Required work:
An exact copy is needed of the lines from the one that contains "and bathroom (131m²)" through the final line of the data below, with pictures left out.

Data segment:
<<<<
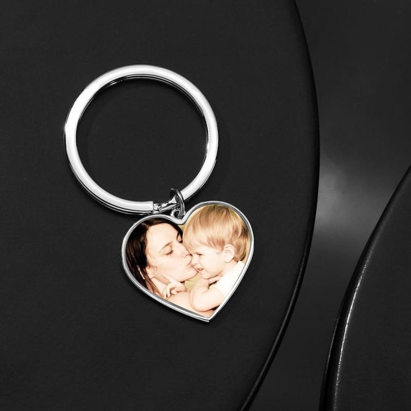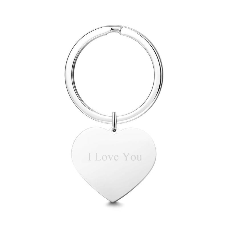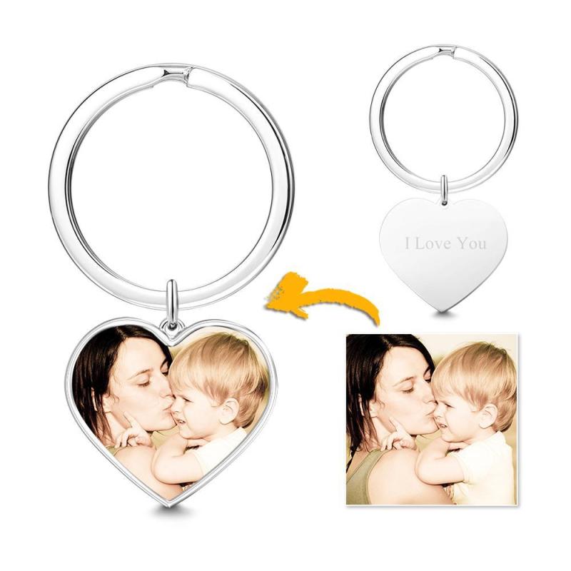 Engraved Heart Tag Photo Keyring Silver
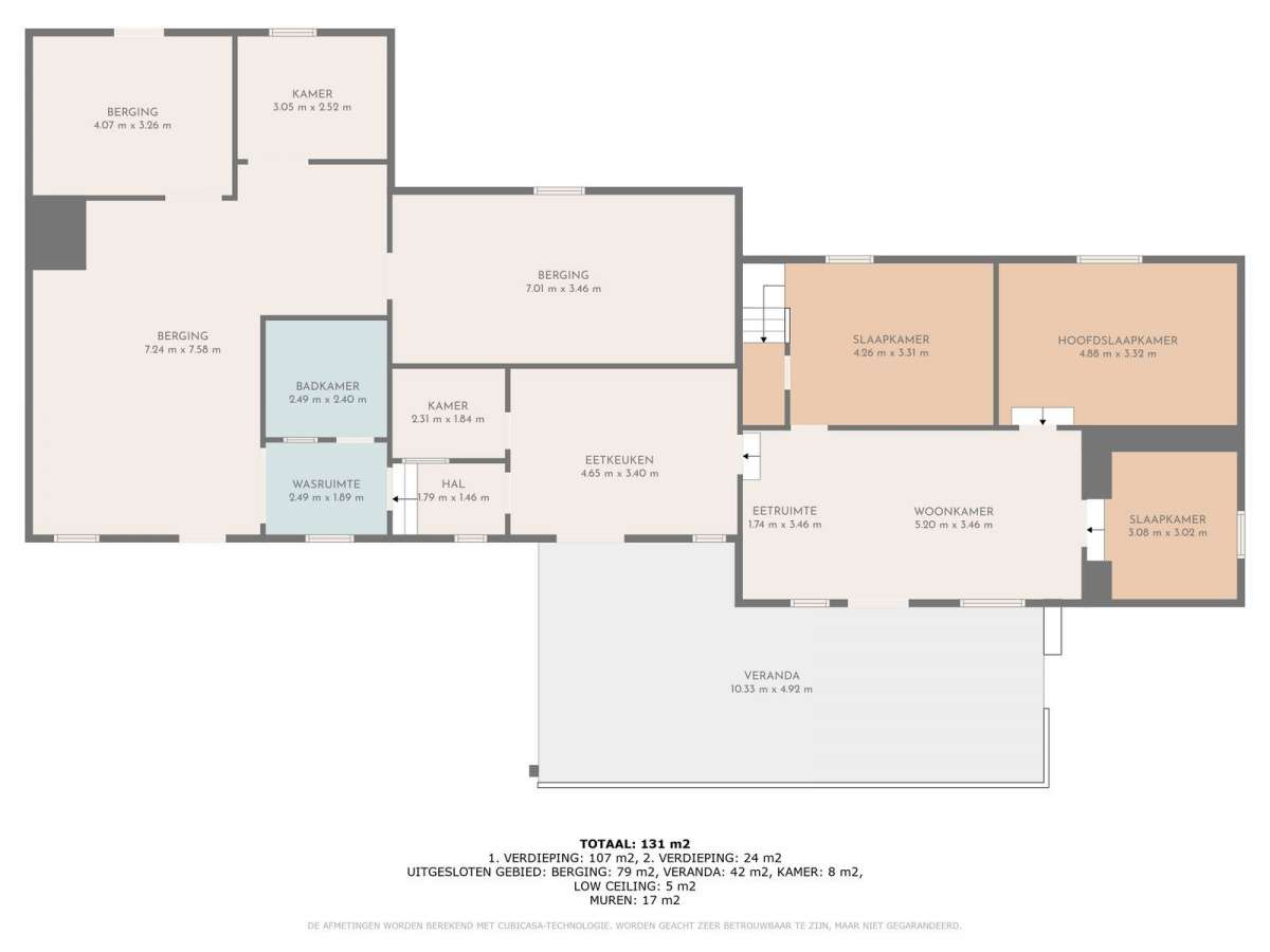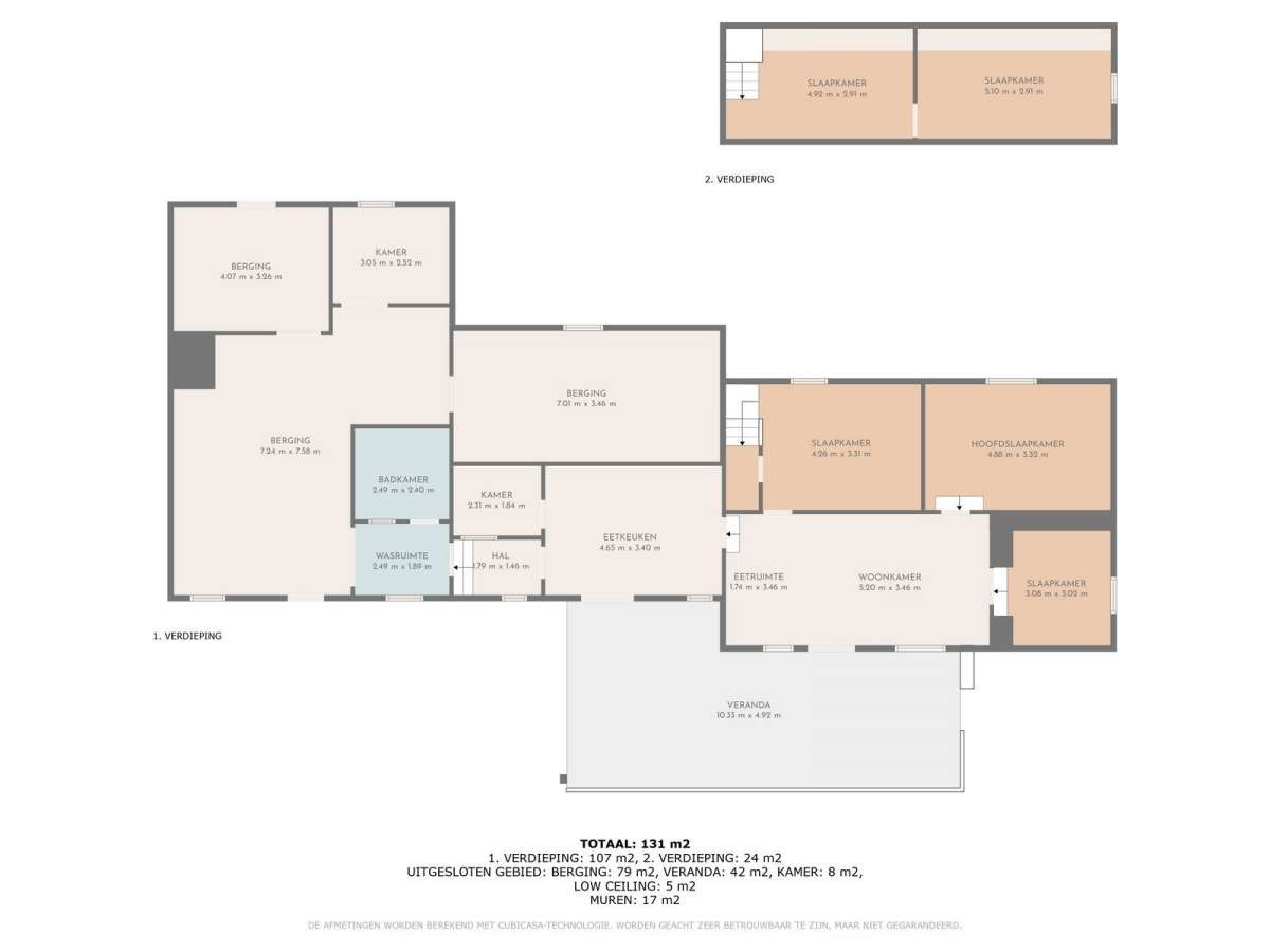 • Main house: Traditional home with kitchen, cozy living room, 5 bedrooms and bathroom (131m²)
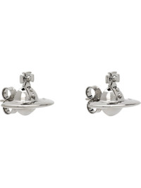 Pair of stud earrings in gunmetal-tone brass. · Logo at face · Post-stud fastening · H0.5" x W0.75" Supplier color: Ruthenium Brass. Made in Thailand 261314M144002
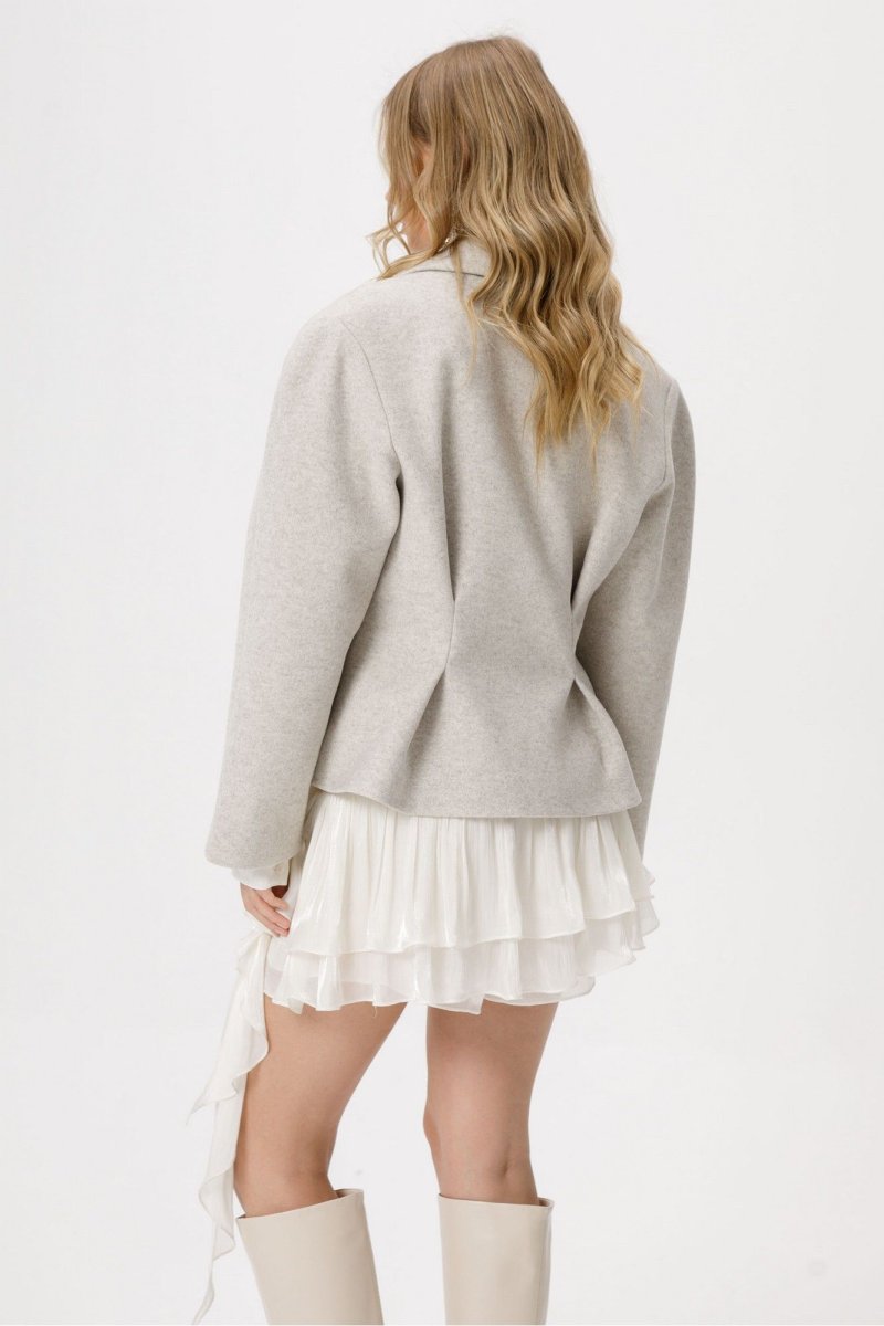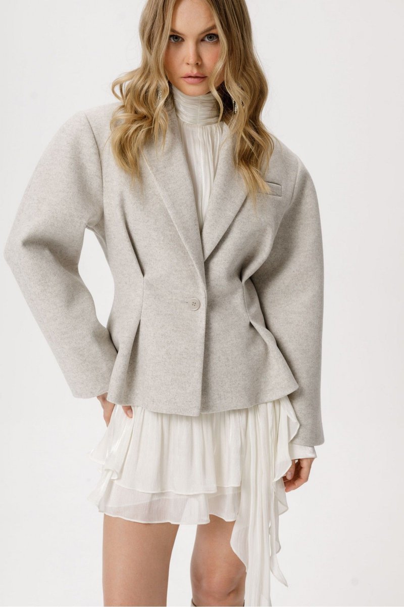 Приталенный жакет о-образного силуэта из утепленной ткани.
>>>>
Solution to the exercise:
 • Main house: Traditional home with kitchen, cozy living room, 5 bedrooms and bathroom (131m²)
 Pair of stud earrings in gunmetal-tone brass. · Logo at face · Post-stud fastening · H0.5" x W0.75" Supplier color: Ruthenium Brass. Made in Thailand 261314M144002
 Приталенный жакет о-образного силуэта из утепленной ткани.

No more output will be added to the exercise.